To validate the significance of difference between coverage of different genomic features, firstly we did 1000 times bootstrap to get 1000 sets of coverage entries of each genomic feature (each time with 80% volume of total entry number in the feature category). Then we did two-sided t-test for comparison between two features to get the P-value.

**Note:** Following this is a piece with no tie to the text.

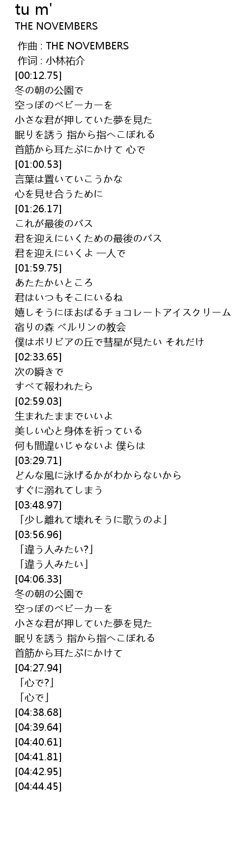 | [00:00.00] | 作曲 : THE NOVEMBERS |

Performance test for the SNP-caller

For SOAPsnp and MAQ, we assigned the Phred-scaled likelihood that the genotype is identical to the reference, which is also called ‘SNP quality’, as predictor and assigned the 1 and 2 genotype in Affymetrix array as SNP case and 0 in genotype as SNP control for the response. We also did the 0 to 2 and 2 to 0 conversion when the minor allele is the reference allele, before ROC display and AUC calculation. SNVmix outputs 3 possibilities, homozygous to reference, heterozygous genotype and homozygous to the non-reference, we added the latter two (AB and BB) together to get the ‘SNP possibility’ as predicator and also assigned the 1 and 2 genotype in Affymetrix array as case and 0 in genotype as control for the response. To provide statistical significance for the comparison between different classifiers, firstly we found the genomic location which is both covered by SNP array and the NGS alignment method (total 583891 in Figure 3), then we did bootstrap 1000 times to get 1000 AUC values for each classifier (each time with 80% volume), lastly we did two sided t-test to get the p-value. To compare the performance of classifier in different regions (the regions for each feature were defined as above), we do the similar: firstly we found those coordinates which located in certain features and both covered by array and NGS alignment, then for each feature, we did bootstrap to get 1000 AUC values from the method, lastly we did the same two sided t-test to compare different features to get the p-value.